The implications of being open source and free to use are self-explanatory, reducing the licensing legal headaches and the impact on the project budget. The impact of visual programming (using a workflow-type graphical user interface) might require a few more words of explanation. Visual programming has become quite popular in recent times and it aims at substituting, partially or completely, the coding practice. In visual programming, a Graphical User Interface (GUI) guides you through all necessary steps to build a pipeline (workflow) of dedicated blocks (nodes). Each node implements a given task; each workflow of nodes takes your data from the beginning till the end of the designed journey. A workflow substitutes a script; a node substitutes one or more script lines.

In KNIME Analytics Platform, nodes are created by drag-and-drop (or double-click) from the Node Repository into the workflow editor in the central part of the KNIME workbench. Node after node, in a logical order, the pipeline is quickly built, configured, executed, inspected, and documented. See a screen shot of the KNIME Analytics Platform graphical user interface in Figure A.1.

Images

Figure A.1 KNIME Analytics Platform. From the top left corner: KNIME Explorer to store the workflows, Workflow Coach for recommendations, Node Repository as the node storage, Outline for the overview, Console for the errors, and Description to learn more. In the middle the workflow editor to assemble the workflow.

Visual programming is a key feature of KNIME Analytics Platform for quick prototyping, as well as ease of explaining and understanding the underlying logic of the project. It makes the tool very easy to learn and use by less-expert consumers of business analytics. Producing a few different experimental prototypes, before deciding the final direction of the project, is fast and quite straightforward. The ease of implementation frees up time to think deeper of possible theoretical alternatives to the current solution. I, as an instructor, like the fact that it makes my job easier to explain the complete process of converting data into actionable insight on a logical/orderly fashion with the help of an intuitive graphical workflow.

The Learning Curve

Visual Programming also makes the learning curve much faster than code-based tools. Data Science is now used in more or less all disciplines, including the humanities, languages, life sciences, economics, social sciences, engineering, and the rest of the other unsusceptible areas of the human wisdom. Not all scientists (or managers/decision-makers) are expert programmers and not all of them have enough spare time to become expert programmers. A GUI-based visual tool can be learned and applied in much less time than a code-based tool, freeing up again precious time and resources for more important investigations, conceptualizations, and problem solving.
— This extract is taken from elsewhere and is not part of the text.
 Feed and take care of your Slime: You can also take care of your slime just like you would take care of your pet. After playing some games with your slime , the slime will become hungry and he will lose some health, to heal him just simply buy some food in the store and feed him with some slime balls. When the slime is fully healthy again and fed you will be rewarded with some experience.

Also, when preparing to become future scientists in the humanities, languages, life sciences, economics, or other disciplines, a GUI-based tool might free up more time to study and research the underlying concepts and theories. The idea is to shorten the time spent on syntactic details of programming in order to spend more quality time on the semantics of model building and problem solving. I have seen too often entire months dedicated to learning the syntactic nature of the coding practices, before even approaching and implementing any data analysis technique. With KNIME Analytics Platform, in just a few weeks, you can assemble quite capable workflows for data transformation and for the training and testing of a wide variety of machine learning algorithms. That said, for uniquely complex and novel projects, data scientist may need to incorporate some unique and advanced functionalities that only exists in analytics programming languages, like Python and R, into the model building and problem-solving process. Having built on an open and extendable architecture, KNIME Analytics Platform also allows for those type of extensions through a selection of scripting and wrapper nodes.
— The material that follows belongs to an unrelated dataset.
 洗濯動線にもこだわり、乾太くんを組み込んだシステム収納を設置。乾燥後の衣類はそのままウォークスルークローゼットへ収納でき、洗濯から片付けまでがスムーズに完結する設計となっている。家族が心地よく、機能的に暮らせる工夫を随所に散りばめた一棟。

Plenty of educational resources about KNIME Analytics Platform are available over the Internet (and especially on the KNIME site, of course) to help with speeding up the learning curve even further. Starting from the generic LEARNING page (https://www.knime.com/resources) on the KNIME site, one can move onto courses with an instructor (https://www.knime.com/learning/events) or completely self-taught courses (https://www.knime.com/knime-introductory-course), all leading to a possible certification for the platform. You can also decide to learn by yourself with just the help of a book, like this one.

Another massive help for beginners comes from the KNIME Hub (https://hub.knime.com/). With the KNIME Hub, the creators of the platform have expanded the already existing set of resource for KNIME Analytics Platform within the KNIME Community.

The KNIME Community

The KNIME Hub is the public repository for the KNIME community. Here, you can share your workflows and download workflows by other KNIME users. Just type in the keywords and you will get a list of related workflows, components, extensions, and more. It is a great place to start with plenty of examples! For example, just type in the search box “basic” or “beginners” and you will get a list of example workflows illustrating basic concepts in KNIME Analytics Platform; type in “read file” and you will get a list of example workflows illustrating how to read CSV files, .table files, excel files, etc … Notice that a subset of these example workflows is also reported in the EXAMPLES server in the KNIME Explorer panel on the top left corner of the KNIME workbench.

Once you isolate the workflow you might be interested in, click on it to open its page, and then download it or open it on your own KNIME Analytics Platform. Once in the local workspace, you can start adapting it to your data and your needs. Following the popular fashionable trend in programming, that is searching for ready to use pieces of code, you can just download, reuse, and readapt workflows or pieces of workflows from the KNIME Hub to your own problem.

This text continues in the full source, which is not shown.